> _BRIEF_
Could you set down every entry exactly as it stands, without the images?

(Records from a data collection)
——

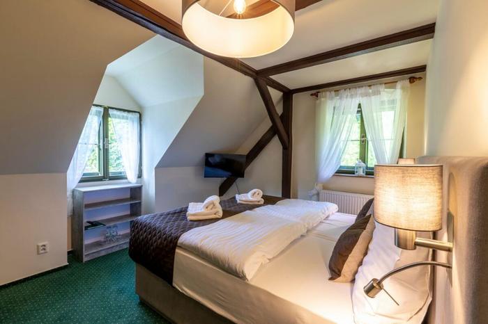 Pokój czteroosobowy nr 7 znajduje się w budynku głównym na 2. piętrze. Orientacja PZ. Pokój ma łączną powierzchnię 24 m² i roztacza się z niego widok na wejście do pensjonatu, ogród pensjonatu, buki Gór Izerskich, staw i góry. Pokój jest podzielony na przedpokój, łazienkę z prysznicem i toaletą oraz dwa oddzielne pokoje. Pierwsza sypialnia z podwójnym łóżkiem z wysokiej jakości materacem i szafkami nocnymi, które można łatwo oddzielić, wyposażona jest w wieszak, dwa krzesła hotelowe, mały stolik i niską szafkę. W drugiej sypialni znajdują się dwa podwójne łóżka, które można łatwo połączyć w łóżko podwójne, a także krzesło i oddzielna szafa. Wyposażenie pokoju obejmuje zestaw do parzenia kawy, suszarkę do włosów, ręczniki i ręczniki kąpielowe.
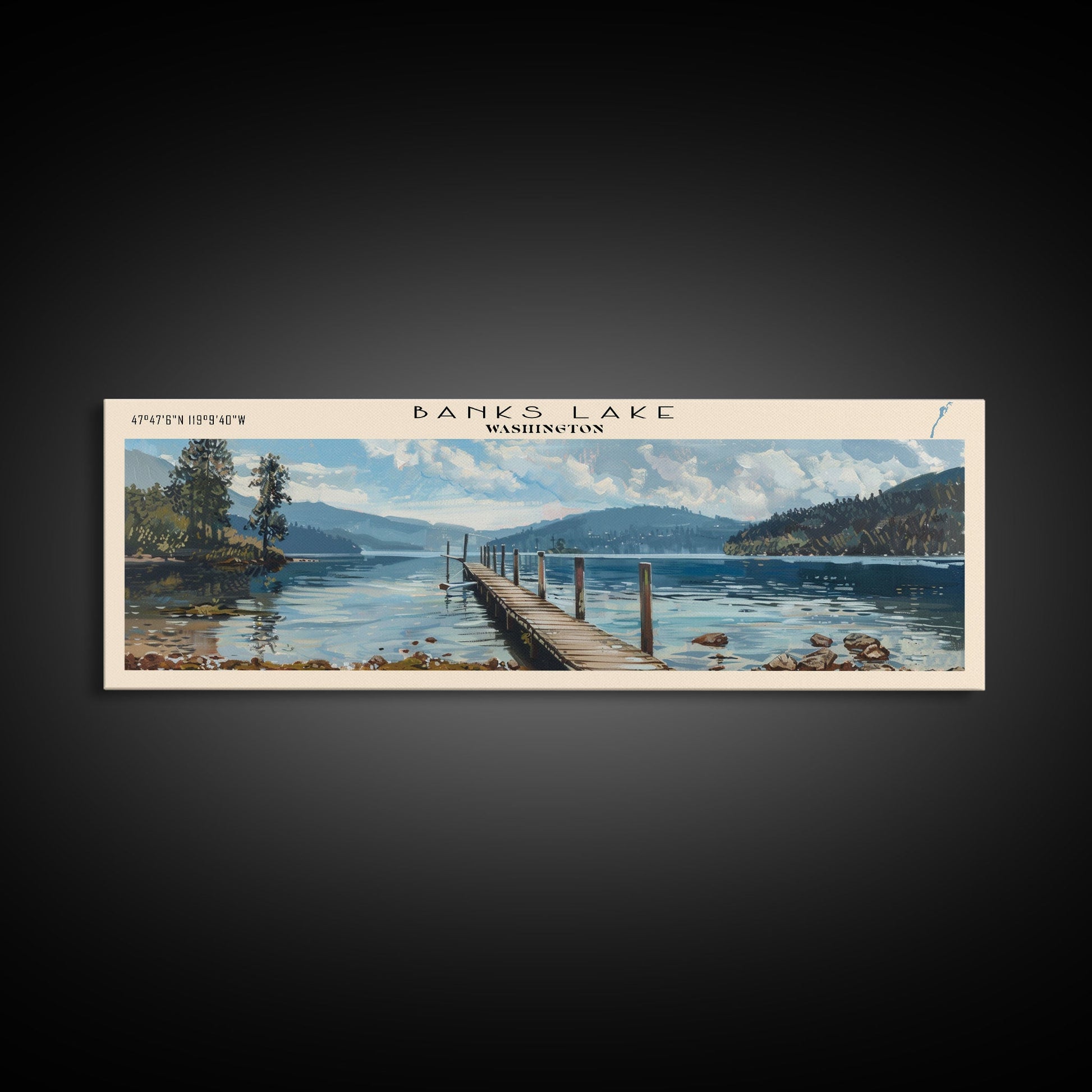 Banks Lake Washington Panoramic Framed Canvas Print, Lake House Decor, Rustic Art, Travel Poster, Scenic View, Home Decoration
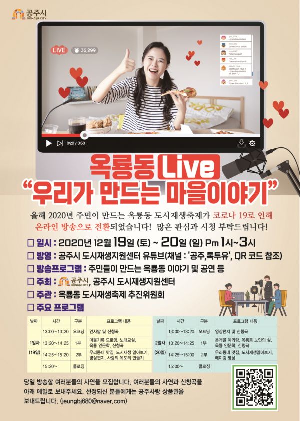 [충청뉴스큐] 공주시와 도시재생지원센터는 한 해 동안의 도시재생사업 성과를 공유하고 지역주민과 소통하기 위한 ‘옥룡동 도시재생마을축제’를 오는 19일과 20일 양일간에 걸쳐 개최한다.
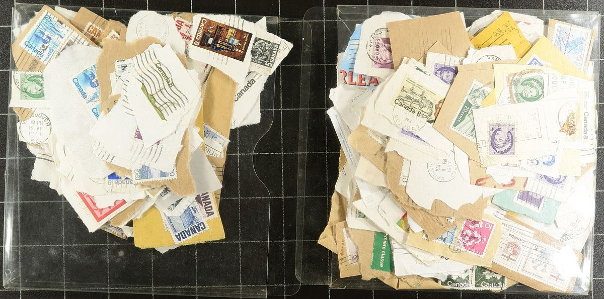 A pair of banker’s boxes filled with philatelic fun, the balance of a consignment. While there is a wide range of material here, at first glance, the strength appears to be Canada and Great Britain. There are three older Harris albums with a worldwide collection with thousands of stamps. There is a 16-page stockbook and a couple other binders. We noted 150 Canada private cachet first day covers from the 1960's-1970's (lots of "Schering" in various sizes and some "Elliot-Marion" plus more). An old accordion file has an assortment of modern worldwide, with pockets of mint Canada & GB. There are a couple of nice older tins filled with loose stamps, and one box is heavily filled with worldwide kiloware (most on paper). This is the perfect lot for the collector who wants to hunker down with a project over the winder or for a club that wants a few meetings with lots of material to pile through. Estimated value =
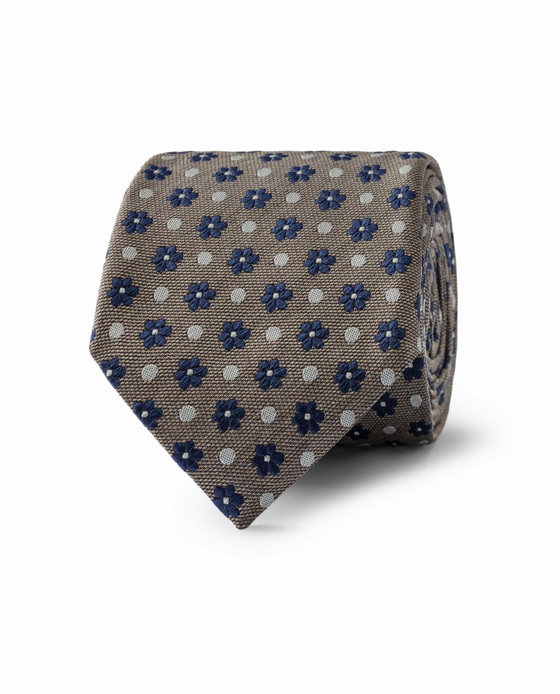 Upgrade your look with this lustrous silk tie woven with a floral and dot jacquard pattern. Here in a dark hue of taupe with navy flowers, it's versatile enough to take you through a host of occasions in contemporary flair.
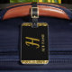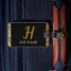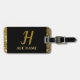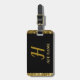 Elegant, minimal, svart, guld första bagagetagg. Personlig Modern, monogram, skriptutformning. Du kan ändra designredigeringen med namn, inledningsvis.
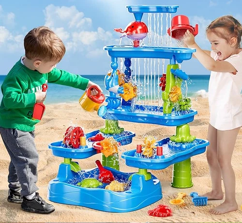 4-Tiers Large Water Table, Kids Sand & Water Play Table Outdoor Summer Beach Toy
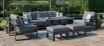 With a gas lift rising table this sets ideal for different scenarios like chilling and dining. Use as a coffee table in the afternoon then transform to a dining in the evening. The table is slatted Aluminium any spills or accidents will just flow away on to the floor, this tables all about low maintenance. The solid structured base keeps the table sturdy and strong while in use. The rectangular shape is perfect for keeping everyone with in arms reach of the table from the sofas and benches. Completed with the solid Aluminium and fabric benches matching the sofas and chairs.
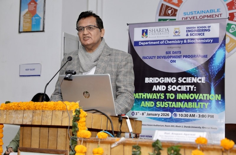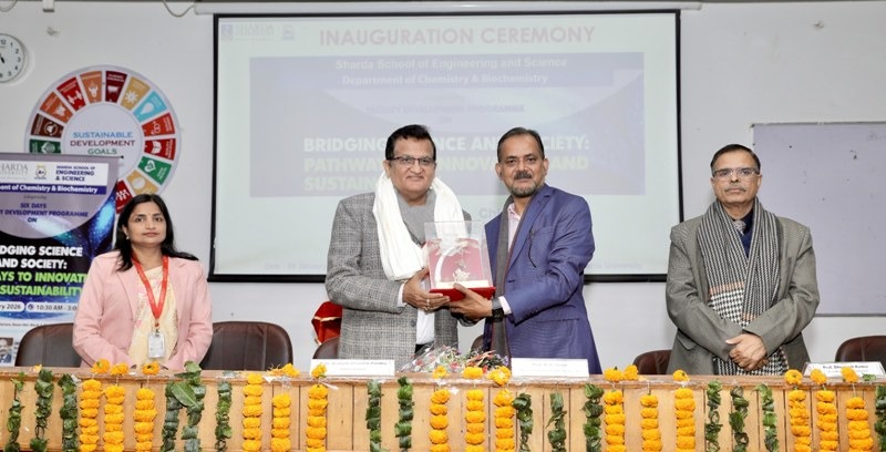 GREATER NOIDA News (05/01/2026): शारदा विश्वविद्यालय (Sharda University) के रसायन विज्ञान एवं जैव रसायन विज्ञान विभाग द्वारा आयोजित 6-दिवसीय फैकल्टी डेवलपमेंट प्रोग्राम विज्ञान और समाज को जोड़न विश्वविद्यालय परिसर में विधिवत शुभारंभ किया।

——

> _RESPONSE TO THE EXERCISE_
 Pokój czteroosobowy nr 7 znajduje się w budynku głównym na 2. piętrze. Orientacja PZ. Pokój ma łączną powierzchnię 24 m² i roztacza się z niego widok na wejście do pensjonatu, ogród pensjonatu, buki Gór Izerskich, staw i góry. Pokój jest podzielony na przedpokój, łazienkę z prysznicem i toaletą oraz dwa oddzielne pokoje. Pierwsza sypialnia z podwójnym łóżkiem z wysokiej jakości materacem i szafkami nocnymi, które można łatwo oddzielić, wyposażona jest w wieszak, dwa krzesła hotelowe, mały stolik i niską szafkę. W drugiej sypialni znajdują się dwa podwójne łóżka, które można łatwo połączyć w łóżko podwójne, a także krzesło i oddzielna szafa. Wyposażenie pokoju obejmuje zestaw do parzenia kawy, suszarkę do włosów, ręczniki i ręczniki kąpielowe.
 Banks Lake Washington Panoramic Framed Canvas Print, Lake House Decor, Rustic Art, Travel Poster, Scenic View, Home Decoration
 [충청뉴스큐] 공주시와 도시재생지원센터는 한 해 동안의 도시재생사업 성과를 공유하고 지역주민과 소통하기 위한 ‘옥룡동 도시재생마을축제’를 오는 19일과 20일 양일간에 걸쳐 개최한다.
 A pair of banker’s boxes filled with philatelic fun, the balance of a consignment. While there is a wide range of material here, at first glance, the strength appears to be Canada and Great Britain. There are three older Harris albums with a worldwide collection with thousands of stamps. There is a 16-page stockbook and a couple other binders. We noted 150 Canada private cachet first day covers from the 1960's-1970's (lots of "Schering" in various sizes and some "Elliot-Marion" plus more). An old accordion file has an assortment of modern worldwide, with pockets of mint Canada & GB. There are a couple of nice older tins filled with loose stamps, and one box is heavily filled with worldwide kiloware (most on paper). This is the perfect lot for the collector who wants to hunker down with a project over the winder or for a club that wants a few meetings with lots of material to pile through. Estimated value =
 Upgrade your look with this lustrous silk tie woven with a floral and dot jacquard pattern. Here in a dark hue of taupe with navy flowers, it's versatile enough to take you through a host of occasions in contemporary flair.
 Elegant, minimal, svart, guld första bagagetagg. Personlig Modern, monogram, skriptutformning. Du kan ändra designredigeringen med namn, inledningsvis.
 4-Tiers Large Water Table, Kids Sand & Water Play Table Outdoor Summer Beach Toy
 With a gas lift rising table this sets ideal for different scenarios like chilling and dining. Use as a coffee table in the afternoon then transform to a dining in the evening. The table is slatted Aluminium any spills or accidents will just flow away on to the floor, this tables all about low maintenance. The solid structured base keeps the table sturdy and strong while in use. The rectangular shape is perfect for keeping everyone with in arms reach of the table from the sofas and benches. Completed with the solid Aluminium and fabric benches matching the sofas and chairs.
 GREATER NOIDA News (05/01/2026): शारदा विश्वविद्यालय (Sharda University) के रसायन विज्ञान एवं जैव रसायन विज्ञान विभाग द्वारा आयोजित 6-दिवसीय फैकल्टी डेवलपमेंट प्रोग्राम विज्ञान और समाज को जोड़न विश्वविद्यालय परिसर में विधिवत शुभारंभ किया।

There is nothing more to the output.